How well do narratives help inform your perspective?

Disclaimer

AnalystConsensusTarget is a tool utilizing a Large Language Model (LLM) that ingests data on consensus price targets, forecasted revenue and earnings figures, as well as the transcripts of earnings calls to produce qualitative analysis. The narratives produced by AnalystConsensusTarget are general in nature and are based solely on analyst data and publicly-available material published by the respective companies. These scenarios are not indicative of the company's future performance and are exploratory in nature. Simply Wall St has no position in the company(s) mentioned. Simply Wall St may provide the securities issuer or related entities with website advertising services for a fee, on an arm's length basis.
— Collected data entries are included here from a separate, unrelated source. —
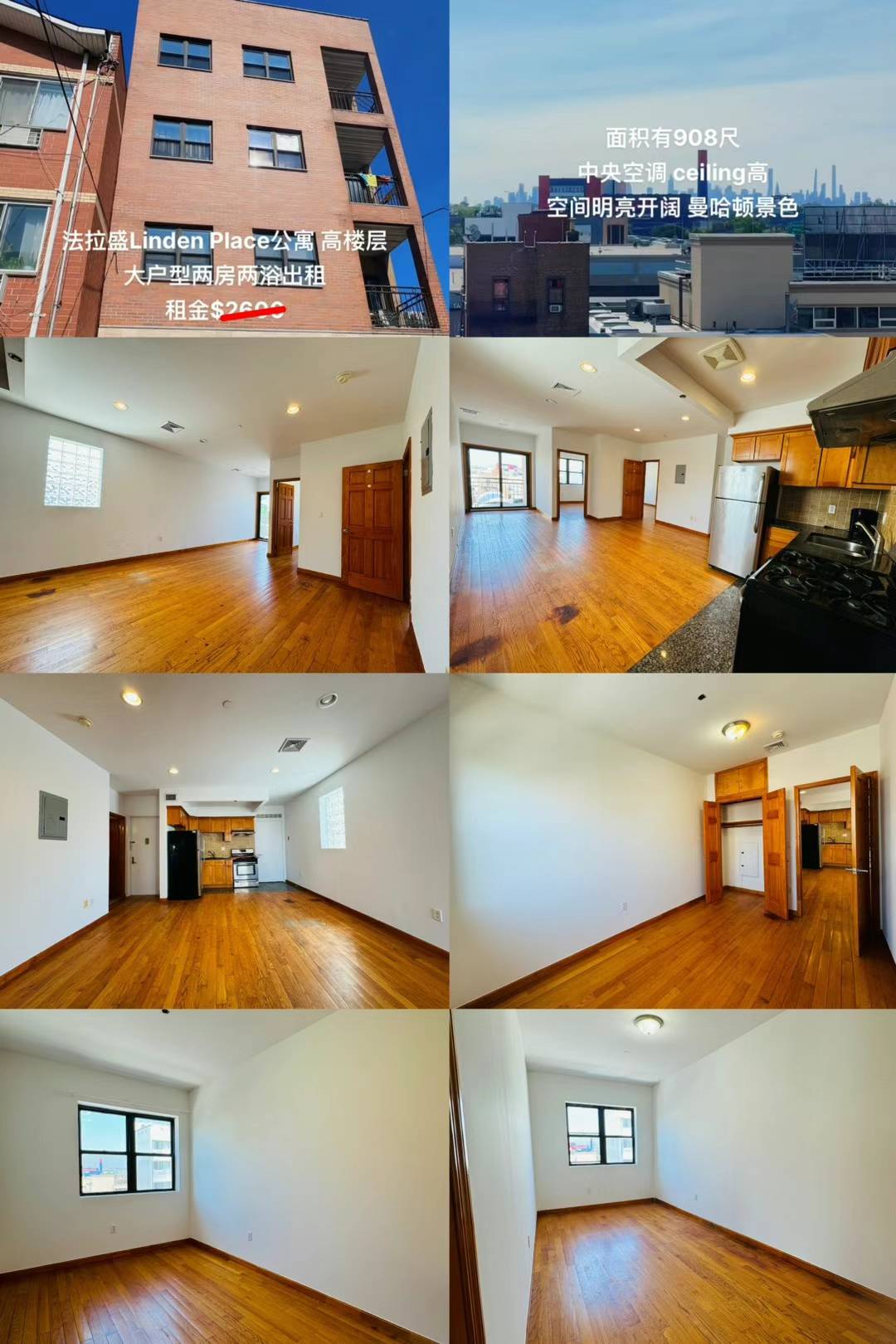 Flushing法拉盛公寓出租Flushing NY Coop for rent新上市法拉盛大楼出租 法拉盛Linden Pl 大户型两房两浴公寓出租(908SF)高楼层 曼哈顿view 中央空调 有阳台 $2400 没电梯 可小宠欢迎经纪合作转发🤝🏻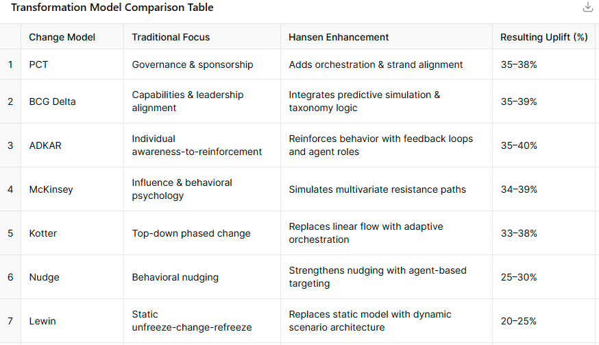 Transformation Model Comparison Table – showing each model’s original focus, how Hansen enhances it, and the resulting success rate uplift.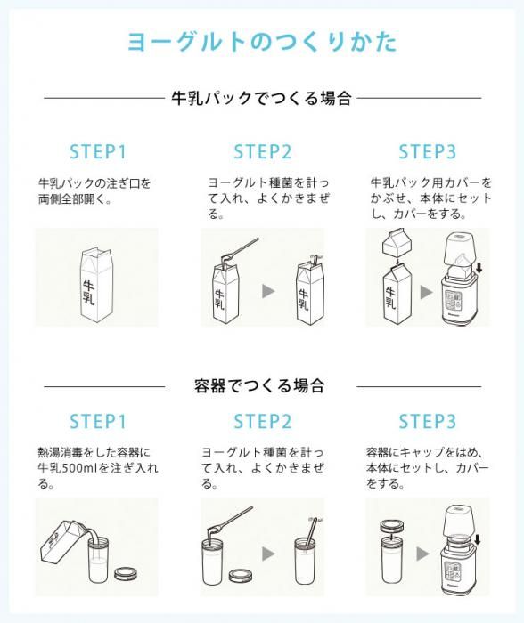 ※ヨーグルトの種菌は市販のプレーンヨーグルト(無糖・無添加)、またはヨーグルト菌(活性粉末乳酸菌)をご使用ください。

These relationships have no impact on the way we conduct our business, the content we host, or how our content is served to users. The price targets and estimates used are consensus data, and do not constitute a recommendation to buy or sell any stock, and they do not take account of your objectives, or your financial situation. Note that AnalystConsensusTarget's analysis may not factor in the latest price-sensitive company announcements or qualitative material.